Investors spent much of the second quarter focused on the likelihood and possible timing of interest rate hikes by the U.S. Federal Reserve. The assessment of rate expectations became especially uncertain after an abysmal U.S. employment report for May cast the perceived strength of the economy into doubt. But attentions turned abruptly in the last week of June to the political turmoil and potential economic fallout of the British vote to exit the European Union (Brexit).
The recovery of the Canadian dollar seen in Q1 versus the U.S. greenback continued into April but slipped back over the next two months to the levels unchanged for the quarter. However, strength in the U.S. dollar index, especially late in the quarter that dragged along the Loonie relative to European and Asian currencies, took a modest toll on Canadian-dollar returns of most non-U.S. foreign equities, compared to their local currency returns.
After a quick post-Brexit bounce, the Canadian index closed the month showing solid gains on both a quarterly and year-to-date basis, effectively erasing the decline of 2015’s second half.

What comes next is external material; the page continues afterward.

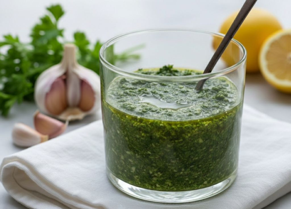 Ergänze das Rezept um einen Teelöffel getrockneten Oregano und einen Esslöffel Rotweinessig. Diese argentinische Note macht die Sauce zum ultimativen Partner für ein saftiges Steak.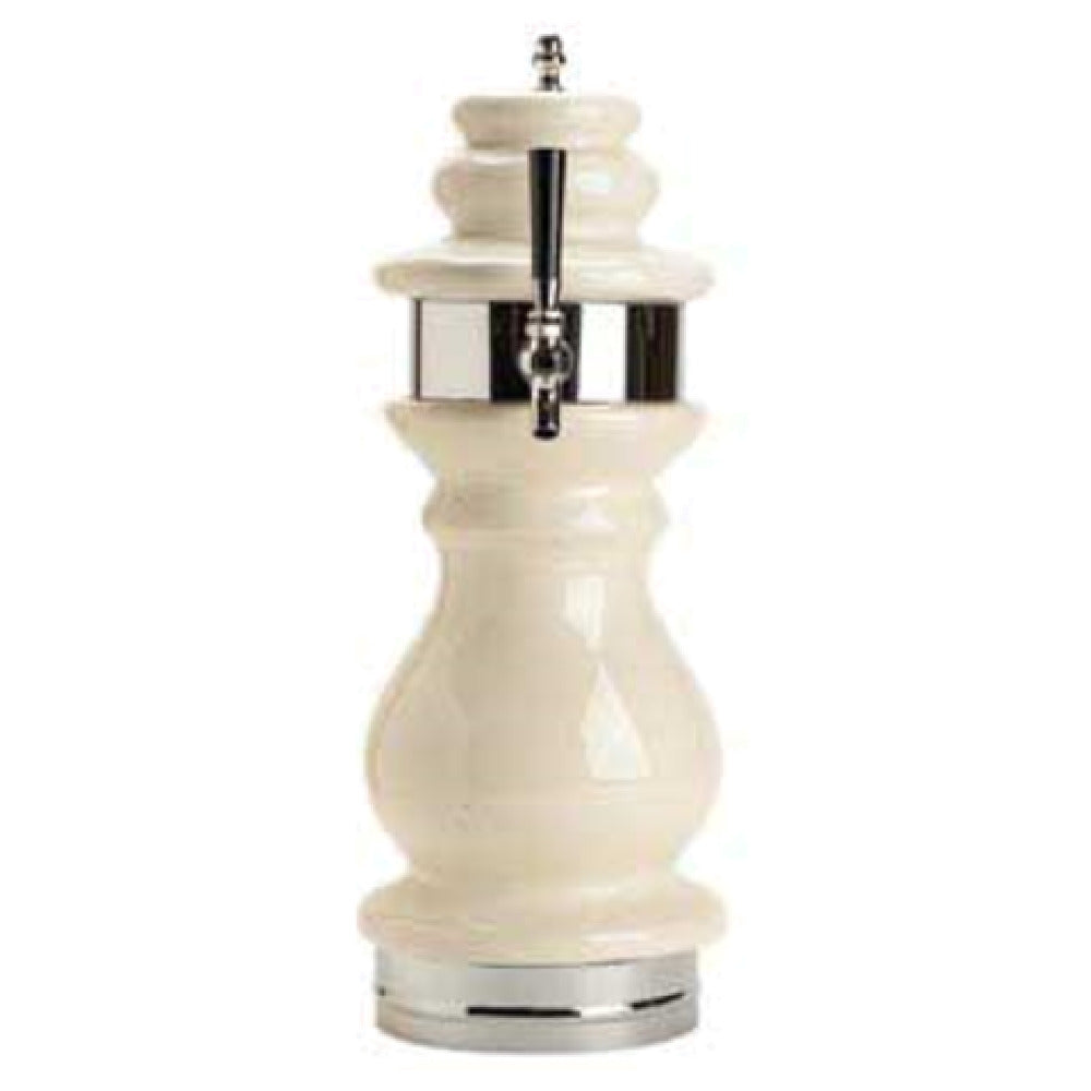 The Micro Matic CT400-1 Braumeister Draft Beer Tower Countertop is a meticulously designed system that stands 24-7/8 inches high with a 9-inch diameter, making it a compact yet striking addition to any bar setup. This air-cooled draft beer tower features a single brass-body faucet, although the handle is not included, providing a sturdy and reliable pouring experience. The faucet has a clearance of 15 inches, which allows for easy filling of various glass sizes, while the 5-5/8 inch on-center distance ensures seamless integration into existing setups. The base of the tower measures 7-3/4 inches in diameter, offering stability and ease of installation on countertops. A hallmark of this tower is its elegant ceramic construction, complemented by a 3-7/8 inch faucet collar that adds a touch of sophistication. Ideal for both commercial settings and home bars, this draft beer tower caters to diverse market segments by delivering exceptional functionality and aesthetic appeal. Its solid construction and precise engineering make the Micro Matic CT400-1 an invaluable asset for beer enthusiasts and professionals seeking a high-performance, space-efficient draft tower solution.

In Canada, the S&P/TSX had been continuing its climb from January’s lows for most of the quarter until Brexit concerns and the resulting U.S. dollar strength and faltering oil prices stalled the advance. After a quick post-Brexit bounce, the Canadian index closed the month showing solid gains on both a quarterly and year-to-date basis, effectively erasing the decline of 2015’s second half. Gold led the way, boosted by Brexit turmoil, pushed-out Fed hike expectations, and negative interest rates in Europe and Japan.
In the U.S., both the S&P 500 and Dow Jones Industrial indices traded mostly sideways in narrow ranges for the quarter until the bounce back from the knee-jerk Brexit selloff helped them each squeeze out small gains for the quarter. Energy was the quarter’s best performing sector, spurred by a nearly 30% rise in oil prices. The defensive yield plays of the Utilities and Telecom Services sectors also had strong quarters, solidifying their clear leadership in year-to-date returns as Fed rate hike expectations were pushed further out.
Much like the U.S. equity indices, the MSCI World Index treaded water most of Q2 following a sharp dip and recovery in Q1. The modest regional advances in the Americas, Japan and parts of Asia were largely offset by weakness in Europe and the U.K. The MSCI Europe Index was unable to recover from the Brexit shock the way its brethren did.
The third quarter promises to be a period of heightened volatility as Brexit implications are digested by investors. Meanwhile, second quarter earnings results and further employment data in the U.S. should help clarify the state of U.S. economic growth and the future path of interest rates.